Preservation information architecture wg - 2013-2014, established a context for PIA standards using PCCS, PCS, and PROV-ES.  Identified use cases. and recast and emphasised the PIA in the project lifecycle.  Continuing this year as the Data Preservation Practices WG (2014-2015).  They are trying to broaden the use cases across a number of activities and missions.  They all have different kinds of lifecycles, and has to capture knowledge that might be lost with team members leaving the project.  Defining guidelines for planning and managing.  Trying to make it broader than satellite missions.

Working on DOIs in the ESDIS wg, followed key recommendations and in the future they will be focusing on landing pages.

Nancy Hoebelheinrich - education activities

Data management for scientists short courses - 35 modules, created by volunteers, peer-reviewed and 10-15 minutes long.  They are all listed on the ESIP commons.  There are 4 categories.  Available as powerpoints and videos on the ESIP’s Vimeo channel.  PPT, text of presentations and audio files which are a recording of the script.

Following the creation of these modules, they worked on improving discoverability - using the LRMI suggestions on schema.org.  They included more metadata tags in the drupl code, and other things to make them more discoverable.

Example of one of the pages, standard values and other key words added.  Nancy reviewed an example and explained the various parts. Hopefully this will improve discoverability.

Testing it, they set up a before and after using google analytics.  Applied one search, but it does not give you the key words for their search, but does give you where they came from, and where they landed and excited.  will need to do more work to get further details.

Marketing efforts - printed brochures, poster, and hoping to do more liaisons with the ESIP education committee.  Also perhaps using more social media channels.

Issues - most important, find resources to continue efforts.  People would like more examples within the domain.  And keep them updated.  Also opportunities to collaborate with others.  And continued marketing and evaulation.

Data Study - Anne

Anne gave a brief introduction to the data study project.  They have written a report (nearly done) and are awaiting a press release.  They identified economics for science data - little money for how to study and manage science data.  As well as some other challenges and goals.

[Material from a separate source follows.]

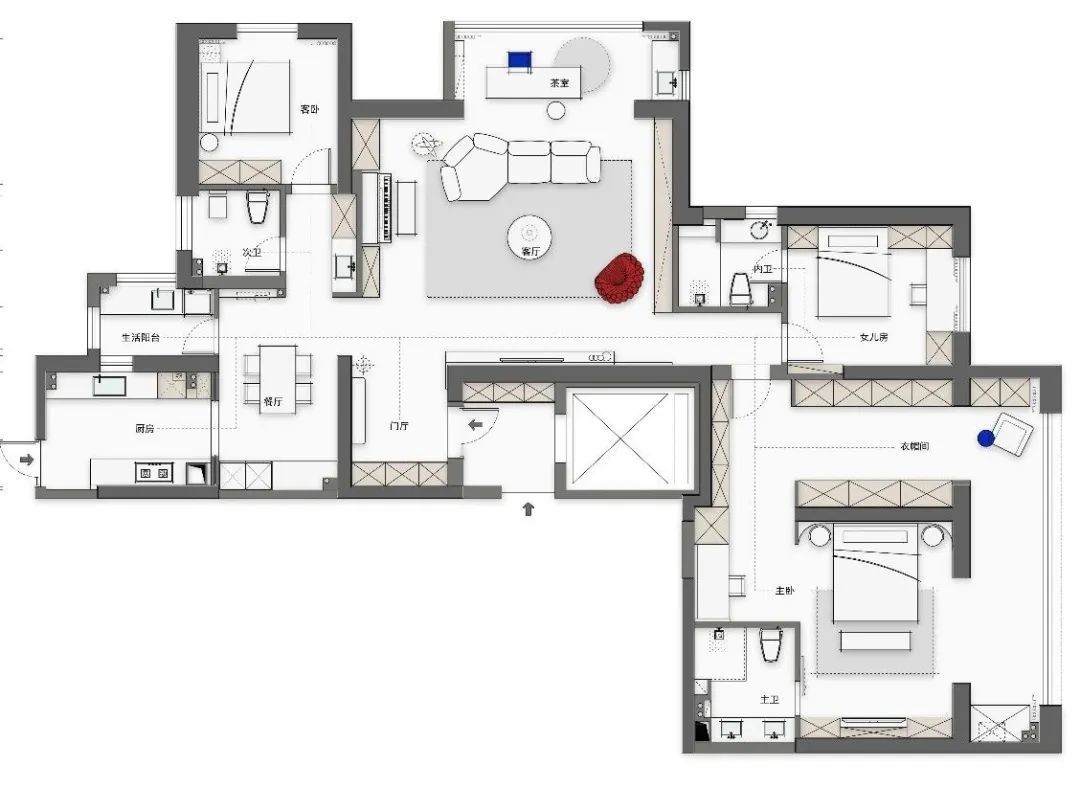 ①.本屋是一个240㎡的大平层,各空间的面积比较足够,客厅是整屋的休闲中心,客厅定位就是能够满足业主家庭聚会和书架以及钢琴摆置的功能;

The EOS article they submitted in November, is waiting on the workshop report but is about done and ready to be published.  The workshop report is on the wiki and the nearly final draft is available if anyone would like to see.

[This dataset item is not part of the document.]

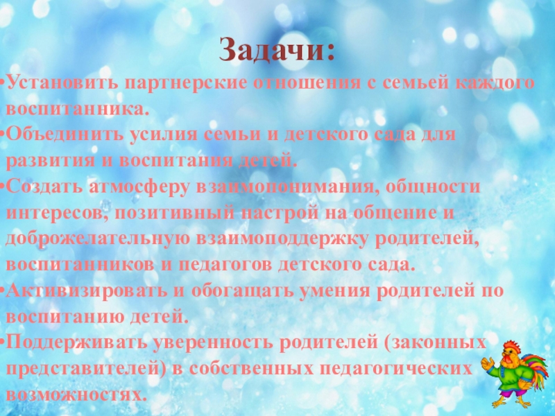 Задачи:Установить партнерские отношения с семьей каждого воспитанника.Объединить усилия семьи и детского сада для развития и воспитания детей.Создать

They are looking for other partners, but are currently waiting for these materials to be published and do not have next steps yet.

Questions

To those who presented, as well as discussions and comments.

Mustapha - his first ESIP meeting, in the first presentation on physical objects - a codata task group being prepared and comments about opening it to more international groups.  Wanted to highlight that possible working with the WDS members, who have physical object collections.  They are a sister group to codata, and he would be willing to discuss this.  Chris and Kerstin were suggested as contacts.  Also asked about experiences adopting DOIs and was intrigued about landing pages - are you coordinating between DAACs to use the same type of landing pages?  Rama said currently the working group is looking at the minimum required content and Vicky added that what might be additional to maximize the usability of the landing page.  Looking at best practices, not at if adopted or implemented by DAACs.  Mustapha asked if others had landing pages standards, and Ruth said one of the groups she is working with is working on this as well, and wants to check in with Vicky to make sure they are in sync.  NOAA also has a working group at all three data centers.

Karen Baker asked about why a standard rather than a specification?  Rama said different groups have their own specifications, which is often more readable than the PCCS matrix.  But their goal is to create an international standard for content.  Rama wonders if we should separate the two things.  The specifications and PCCS matrix and use the ? committee to make them a standard, and if they should separate it from satellite missions and other types. Denise discussed the motivation for why they are testing it with other data types.  Rama mentioned they have different missions aside from satellite missions being archived in the DAACs.  So even within Nasa they have some thinking to do.

Chris L. - asked about these developing organically, and perhaps that a visual mapping of how these developed might be useful - to see where the connections are and to see what areas need to be exploated.  Denise said this might be useful to see the overlap between various groups.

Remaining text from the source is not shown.